Oregon National Primate Research Center also will use grant to study impact of alcohol on COVID-19
A group of Rhesus monkeys plays on a large wooden activity structure
The Oregon National Primate Research Center has received $2.4 million in federal funding to improve scientific understanding of alcoholism, including a new initiative to analyze the effects of heavy alcohol drinking in COVID-19 infections. (OHSU)

The Oregon National Primate Research Center will receive $2.4 million over the next five years from the National Institute on Alcohol Abuse and Alcoholism of the National Institutes of Health.

The grant will enable OHSU to extend landmark research involving nonhuman primates to understand the brain-body connections that underlie alcoholism and target potential treatments. Further, the new funding enables a new collaboration between neuroscientists and immunologists to analyze the effects of heavy alcohol drinking in COVID-19 infections.

Headshot of Kathleen Grant, Ph.D., a white woman with grey hair.
Kathleen Grant, Ph.D.

“Because we’ve already established a unique model that’s dedicated to understanding the effect of chronic heavy drinking on the whole body, this grant can now address how chronic drinking may increase the morbidity of COVID-19,” said Kathleen Grant, Ph.D., professor and chief of the Division of Neuroscience at the primate center. “For example, we can isolate the effect of alcohol use to diminish lung capacity and then identify increased risks for COVID-19 infection and damage.”

Overall, the new funding extends decades of research establishing that rhesus macaques are much like people in their predisposition to seek or avoid the intoxicating effects of alcohol.

Researchers have discerned a wide range of behaviors among macaques, including some that choose not to drink at all.
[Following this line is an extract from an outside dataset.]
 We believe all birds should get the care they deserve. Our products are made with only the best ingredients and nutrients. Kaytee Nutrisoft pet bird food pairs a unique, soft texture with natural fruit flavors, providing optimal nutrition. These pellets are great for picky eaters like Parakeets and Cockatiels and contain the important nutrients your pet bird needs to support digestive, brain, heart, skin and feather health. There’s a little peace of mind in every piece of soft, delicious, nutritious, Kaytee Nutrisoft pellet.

Those monkeys that do choose to daily drink heavy amounts of alcohol (eight to 16 drinks per day) have helped uncover new insights about the brain and alcohol.

The animals are monitored closely by experienced researchers and veterinary specialists trained to care for nonhuman primates.
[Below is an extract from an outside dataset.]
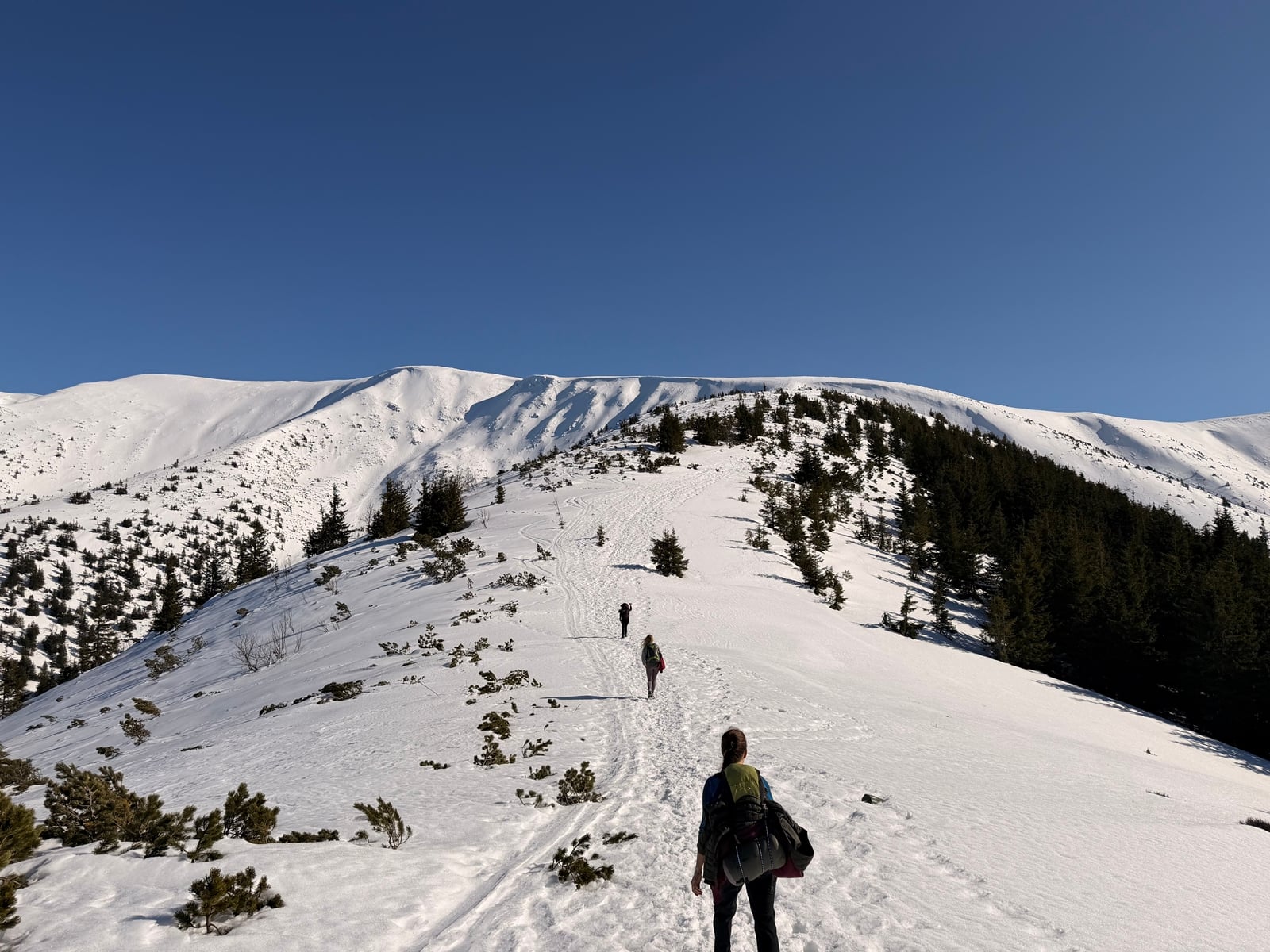 Vybrali sme sa po zelenej značke a prvá časť turistického chodníka viedla lesíkom so serpentínami. Keďže rána boli ešte chladné, v niektorých úsekoch bol chodník posiaty ľadom, preto sme si na turistickú obuv navliekli mačky a hneď sa nám kráčalo lepšie.

Recent findings have demonstrated how drinking in late adolescence stunts brain growth and impairs cognitive function. In addition, OHSU scientists have used magnetic resonance imaging and cognitive tests to map activity in regions of the primate brain associated with behavior that is more habitual compared with other areas that are activated during more contemplative thinking.

This habitual pathway, anchored in the sensory motor portion of the brain’s cortex, appears to be especially active among rhesus macaques that voluntarily consume large volumes of alcohol throughout the day – the human equivalent of chronic, heavy drinkers.

“We find that that pathway becomes more entrenched and alcohol reinforces activation of those pathways by altering their excitatory balance,” Grant said. “It’s a predisposition, but it’s also a consequence.”

Scientists are studying differences in age, sex and genetic makeup to discern differences in alcohol use. Grant said she expects the research will lead to the development of new therapies targeting specific areas of the brain to break the cycle of habitual behavior.

“I think we’ll be at the point within 10 years of being able to direct gene-based therapies specifically to those areas of the brain,” Grant said.

In the United States, the number of alcohol-related deaths is estimated at 1 million since 1999 and is on the rise, doubling from 1999 to 2017, according to estimates compiled by the National Institute on Alcohol Abuse and Alcoholism. The estimated worldwide annual death toll is 3.3 million.

A new report, issued today by the U.S. Centers for Disease Control and Prevention, finds that the rate of U.S. deaths from alcohol accelerated by 43% from 2006 to 2018, the last year available.